8. The method for controlling a group dance of humanoid robots according to claim 1, characterized in that, Step S5 specifically includes: Output a set of multi-robot cooperative trajectories including several robot motion planning trajectories. The robot motion planning trajectory of any humanoid robot includes its own action sequence, relative position constraints with adjacent humanoid robots, and phase constraints with music beat information. The robot subsystem maps the above-mentioned robot motion planning trajectory into physical control signals, uses the linear velocity and angular velocity of the body as navigation commands to drive the overall movement of the humanoid robot, and uses the desired posture quaternion, desired three-axis angular velocity, and desired angular position and desired angular velocity of the motor as servo commands, and sends them to the control output module of each humanoid robot in real time through a TCP protocol long connection. Several humanoid robots synchronously track and control the output module to output multidimensional state commands, presenting a uniform, non-interfering and stable group dance movement in physical space; The robot motion planning trajectory includes a body motion reference trajectory, an inertial attitude reference trajectory, and a joint space reference trajectory. The body motion reference trajectory includes the body linear velocity and body angular velocity after S-curve acceleration and deceleration planning. The inertial attitude reference trajectory includes the desired attitude quaternion and desired three-axis angular velocity matching the dance movement. The joint space reference trajectory includes the desired angular position and desired angular velocity of all joint motors in the body.

9. A humanoid robot group dance control system, applied to the humanoid robot group dance control method according to any one of claims 1-8, characterized in that, include: The central server is used to issue dance choreography instructions, motion indexes, and formation displacement vectors, and achieves global clock synchronization through the IEEE 1588 PTP protocol; A pre-stored motion library is used to store dance motion template data; The communication network adopts a TCP protocol architecture to realize data interaction between the central server and several robot subsystems; The robot subsystem receives dance choreography instructions from the central server. Through the collaborative work of its integrated multi-modules, it achieves functions such as reference trajectory generation, localization and attitude estimation, multi-machine state interaction, and trajectory feasibility verification. It maps compliant robot motion planning trajectories into physical control signals, driving its 21 joint motors to execute dance movements synchronously. This ensures that it can cooperate with other robots under a globally unified spatiotemporal reference to achieve group dance performances.

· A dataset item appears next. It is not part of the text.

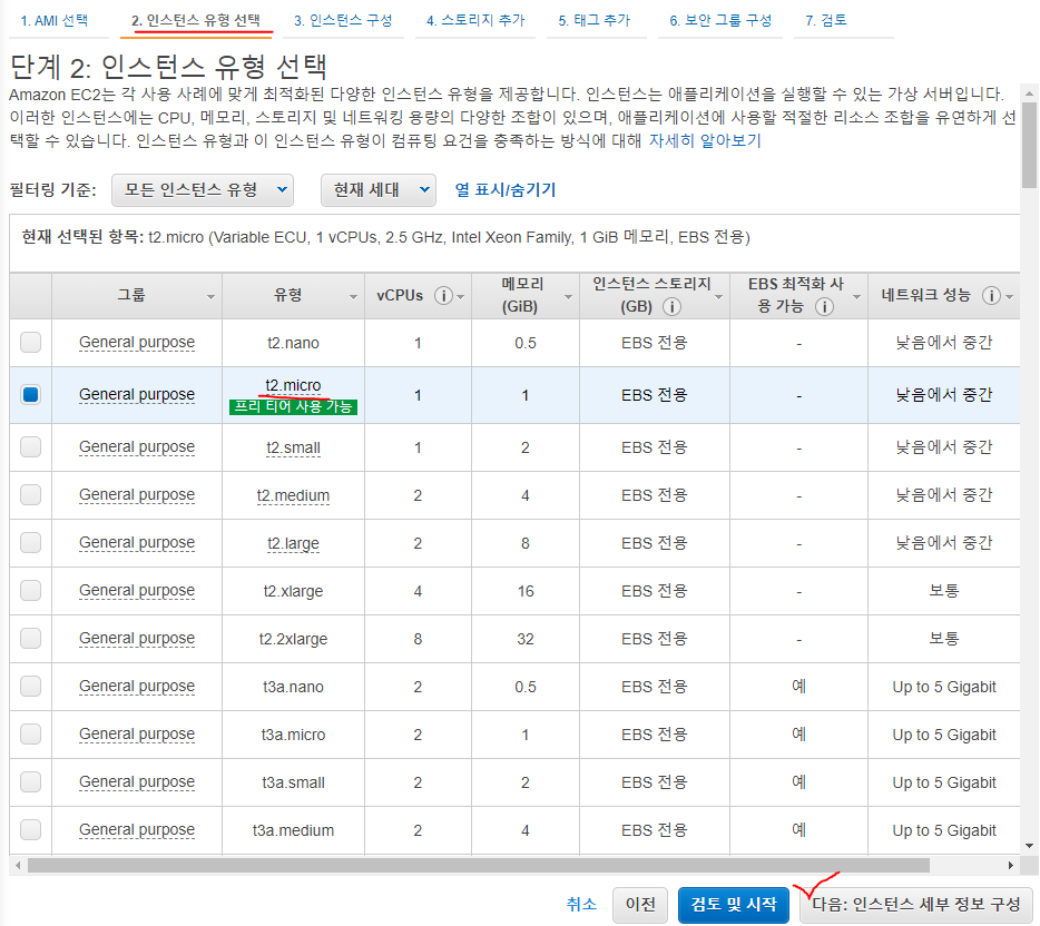 CPU, 메모리, 스토리지, 최적화 및 네트워크 성능 사양을 정할 수 있다. 프리티어 사용자는 t2.micro를 선택하면 1년 동안 주어진 용량 내에서 무료로 사용할 수 있다.

10. A humanoid robot group dance control system according to claim 9, characterized in that, The robot subsystem includes: The reference trajectory input module is used to receive dance choreography instructions and parse them to generate reference trajectory vectors; The multi-machine communication module is used to enable data communication with other humanoid robots and the central server; The pose estimation module is used to collect data from several sensors and calculate the pose of the humanoid robot in its own coordinate system. The positioning module is used to extract environmental features through binocular vision sensors and calculate the absolute position of the humanoid robot in the world coordinate system by combining the triangulation principle and the PnP algorithm. The data processing module is used to calculate whether the robot's motion reference trajectory meets the preset requirements based on the current posture of several humanoid robots and their pose and reference trajectory in the world coordinate system. The control output module is used to output multi-dimensional state commands for the humanoid robot based on the current input data, driving the humanoid robot to perform synchronized dance movements; The trajectory verification module is used to verify the robot's motion planning trajectory in real time by using a trajectory verification method based on physical constraint thresholds.